Filber’s testimony is key to proving the dramatic bribery suspicions against Netanyahu in what is known as Case 4000, alleging that Netanyahu, as minister of communications, facilitated regulatory favors for a media tycoon in return for favorable coverage of himself and his family. Filber served at the time as director of the ministry. After losing its key witness, Mickey Ganor, who backtracked on his testimony in the case known as Case 3000, the state prosecution does not intend to lose yet another central witness to its cases. Mandelblit himself was the one who asked police to investigate suspicions of witness tampering, considered an egregious offense in Israel’s criminal statutes.
Mandelblit, just like Filber, is affiliated with Israel’s national religious community and knows full well the potential impact of such intimidation on the witness’s state of mind vis-a-vis his milieu and peer groups (family, neighborhood, synagogue friends).

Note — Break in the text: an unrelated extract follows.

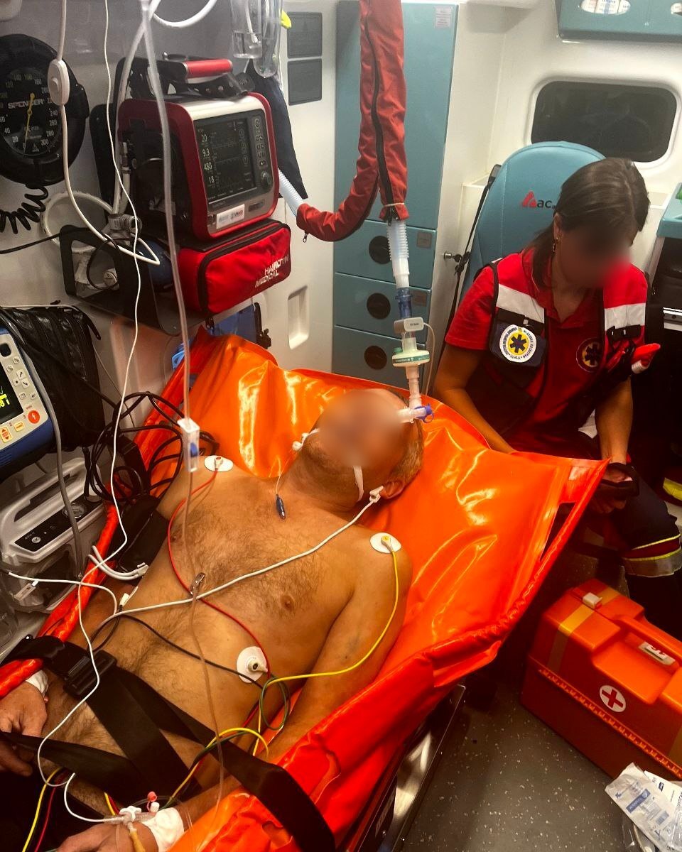 Перед транспортуванням стан чоловіка був критичним: свідомість 6 балів за ШКГ, ознаки набряку мозку та гіпертензія. Для стабілізації життєво важливих функцій медики виконали інтубацію трахеї, пацієнта підключили до апарата ШВЛ, провели знеболення, седацію та міорелаксацію. Постійно контролювали життєві показники.

As part of the investigation, two of Netanyahu’s closest aides were questioned by the police: Jonathan Urich and Ofer Golan, two of the driving forces in the Likud campaign. Police also seized their cellphones and is awaiting court approval to examine their contents. These silenced devices, which are locked in safes pending next week’s hearing of an appeal to prevent the police from examining them, are a source of great concern to many people, possibly even members of the Netanyahu family. The question is who gave the order to harass Filber. If it turns out to be a member of the Netanyahu family, we can expect an additional, dramatic shocker, which could even be a game changer.
As aforementioned, the sides are now facing off on the question of the police’s right to conduct a “surgical examination” of the close aides’ cellphones. Until that standoff is resolved, within one or two weeks, Mandelblit is also expected to determine the fate of the central cases against the prime minister.

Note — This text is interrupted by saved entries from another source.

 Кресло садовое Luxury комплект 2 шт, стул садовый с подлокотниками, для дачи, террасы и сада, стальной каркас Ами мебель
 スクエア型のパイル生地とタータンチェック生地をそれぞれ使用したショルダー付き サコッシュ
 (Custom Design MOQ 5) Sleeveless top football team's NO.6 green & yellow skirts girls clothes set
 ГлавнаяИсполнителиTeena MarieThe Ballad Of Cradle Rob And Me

Meanwhile, to ensure there is never a dull moment, transcripts of Yair Netanyahu’s police testimony in Case 4000 — in which he is no longer a suspect — were leaked to the media. The transcripts set off a powerful storm when it transpired that Netanyahu junior was calling the police names such as “Gestapo” and “Stasi,” describing senior Likud members in gutter language and presenting a wild, unrestrained and uncontrollable personality.

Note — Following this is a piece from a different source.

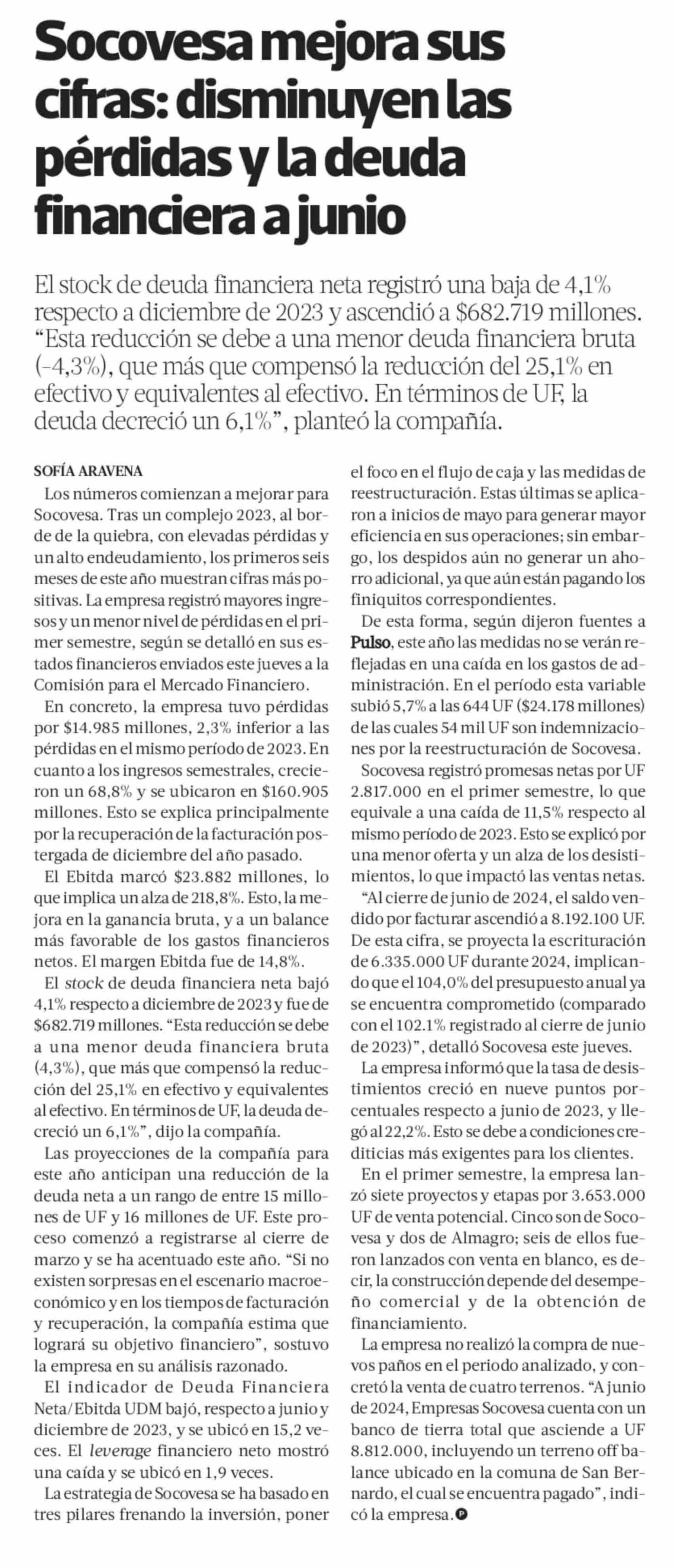 Socovesa mejora sus cifras: disminuyen las pérdidas y la deuda financiera a junio

At the same time, the deadline is nearing for Blue and White leader Benny Gantz’s attempts to form a government, while Israel is speedily heading for its third back-to-back elections for the first time in its history.
The timing of Mandelblit’s decision could coincide with the expiration of Gantz’s mandate (Gantz has 28 days to form a government) and its passing to the Knesset that will have 21 days to mobilize the support of 61 members for a new government. How would that affect developments? Will the Likud keep displaying total, blind loyalty to Netanyahu and his needs? Will such a move fan the winds of rebellion within the Likud and its affiliated religious and right-wing parties? We will only know the answers in real time.
Meanwhile, all that top Likud figures can do is to carp behind closed doors as they watch the dramas unfold, and privately admit that the prime minister’s war overshadows even their worst expectations. “He is leaving behind scorched earth,” a senior Likud figure told Al-Monitor this week on condition of anonymity. “No one dares raise their heads, we are all lining up alongside this jihad against the state’s institutions. I don’t know what we will tell our grandchildren about this period, and I am not sure the rubble can be rebuilt on the day after.”